Collected data:

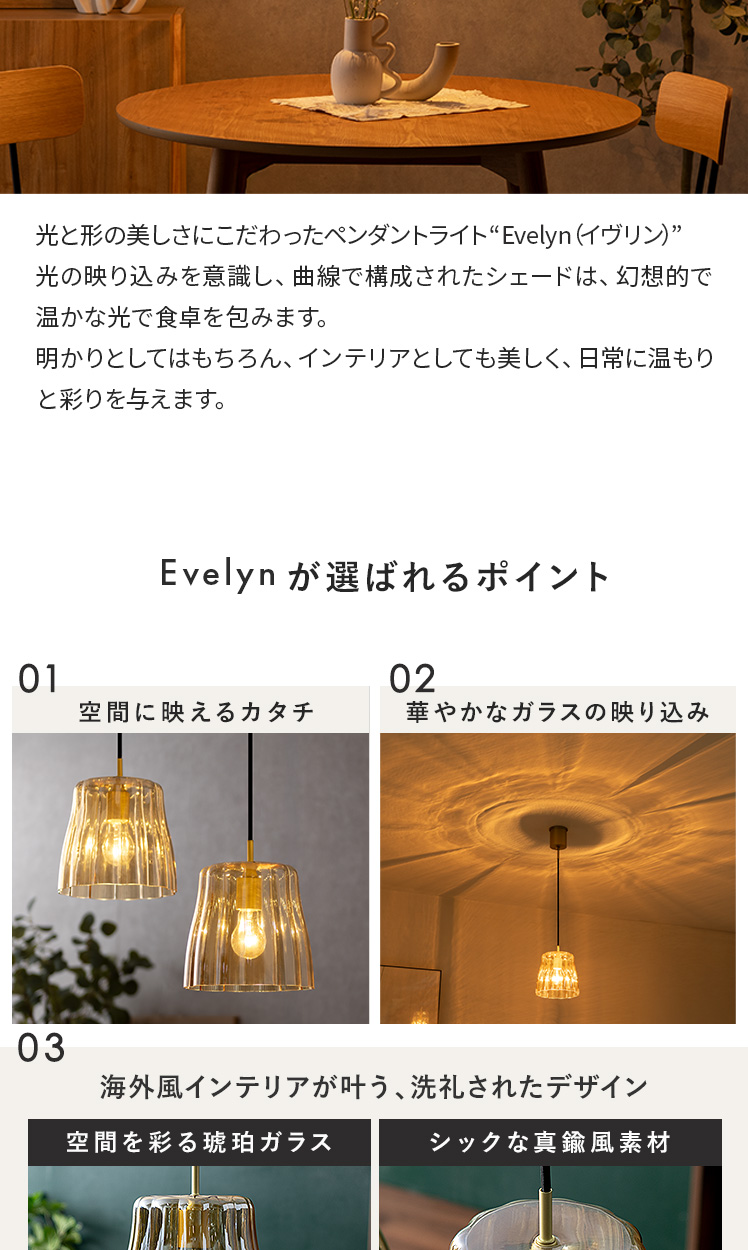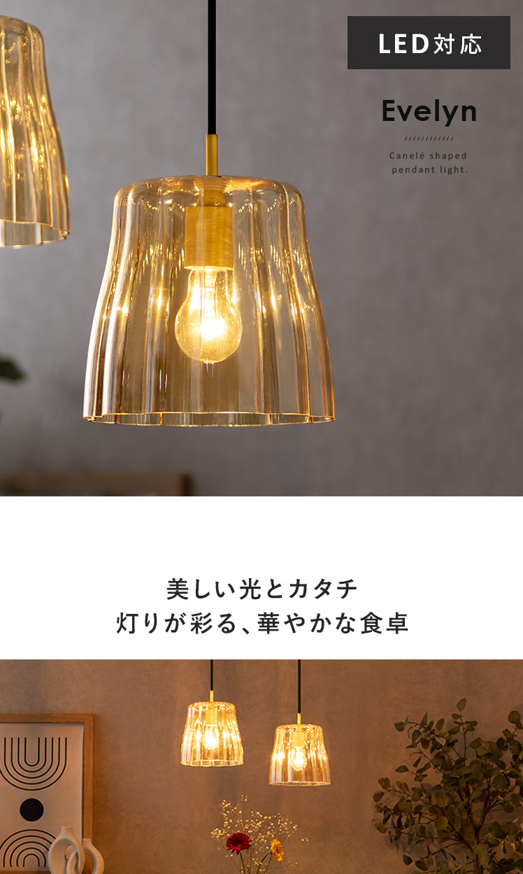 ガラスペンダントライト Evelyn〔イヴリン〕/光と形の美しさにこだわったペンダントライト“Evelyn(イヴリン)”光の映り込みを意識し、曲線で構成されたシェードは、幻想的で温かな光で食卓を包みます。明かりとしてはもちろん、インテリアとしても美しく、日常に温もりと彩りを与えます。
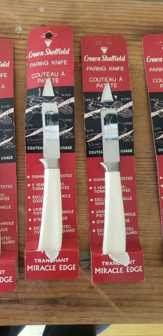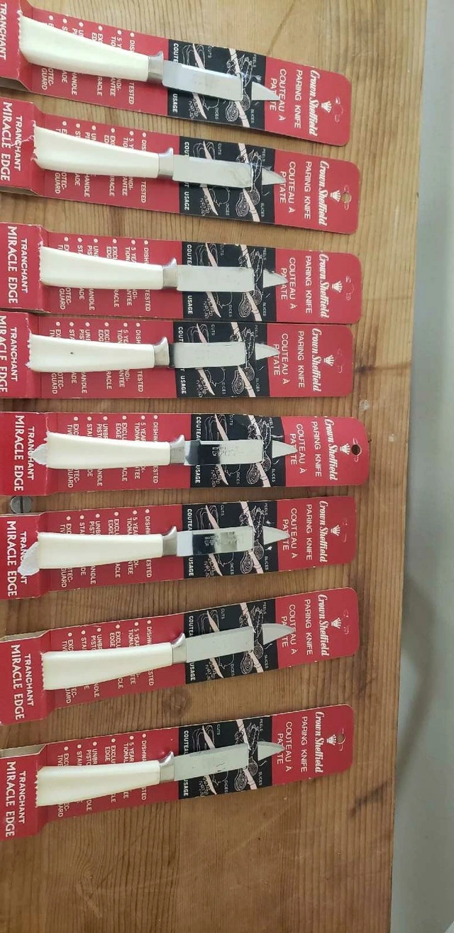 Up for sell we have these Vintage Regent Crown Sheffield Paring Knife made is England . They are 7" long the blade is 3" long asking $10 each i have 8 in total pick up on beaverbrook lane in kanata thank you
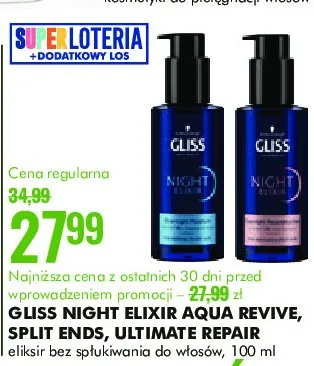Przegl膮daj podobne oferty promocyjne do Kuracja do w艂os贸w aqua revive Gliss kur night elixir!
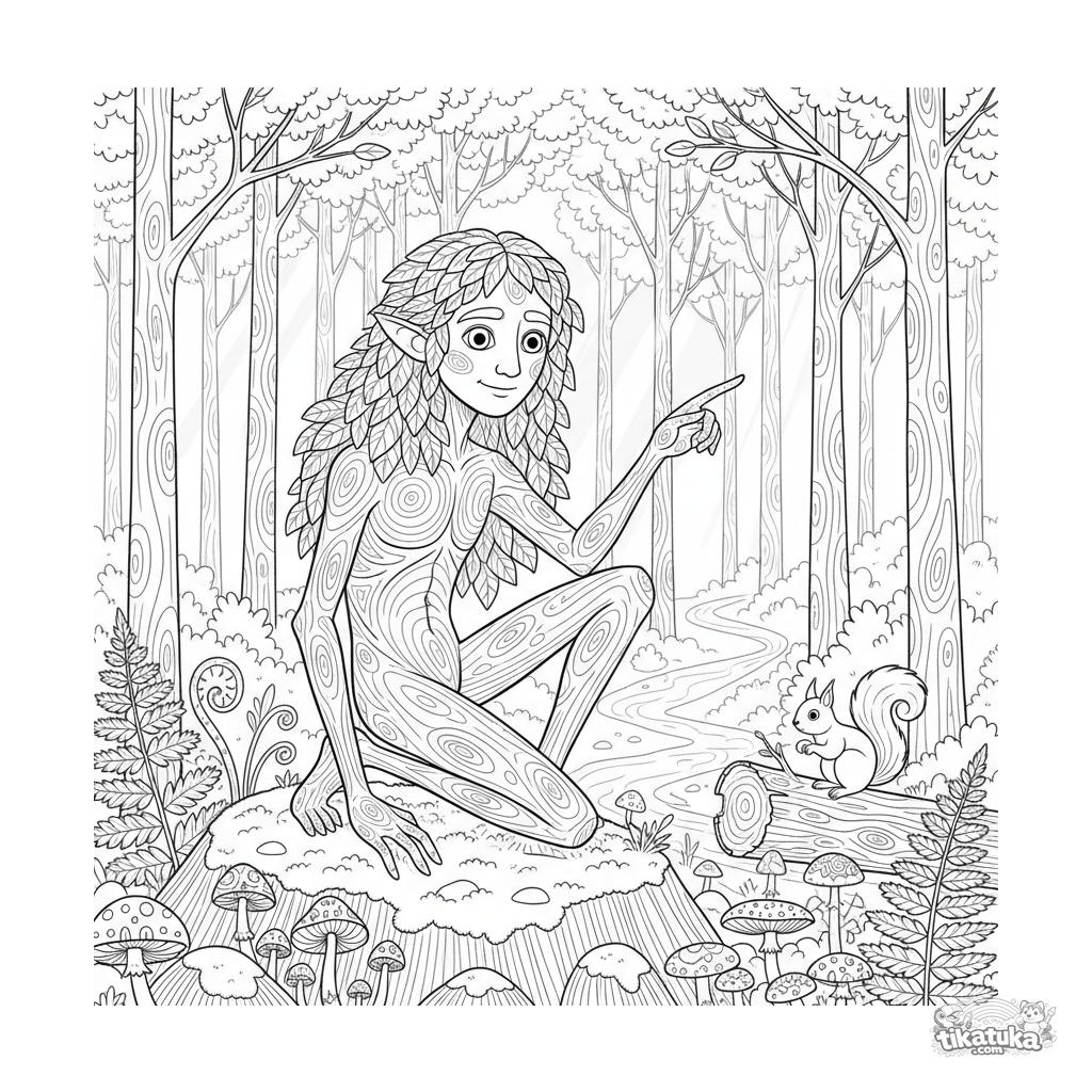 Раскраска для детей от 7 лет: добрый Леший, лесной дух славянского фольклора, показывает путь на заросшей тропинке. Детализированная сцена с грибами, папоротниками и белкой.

Task item:
No picture should be included when the data are set down again exactly.

Exercise response:
 ガラスペンダントライト Evelyn〔イヴリン〕/光と形の美しさにこだわったペンダントライト“Evelyn(イヴリン)”光の映り込みを意識し、曲線で構成されたシェードは、幻想的で温かな光で食卓を包みます。明かりとしてはもちろん、インテリアとしても美しく、日常に温もりと彩りを与えます。
 Up for sell we have these Vintage Regent Crown Sheffield Paring Knife made is England . They are 7" long the blade is 3" long asking $10 each i have 8 in total pick up on beaverbrook lane in kanata thank you
Przegl膮daj podobne oferty promocyjne do Kuracja do w艂os贸w aqua revive Gliss kur night elixir!
 Раскраска для детей от 7 лет: добрый Леший, лесной дух славянского фольклора, показывает путь на заросшей тропинке. Детализированная сцена с грибами, папоротниками и белкой.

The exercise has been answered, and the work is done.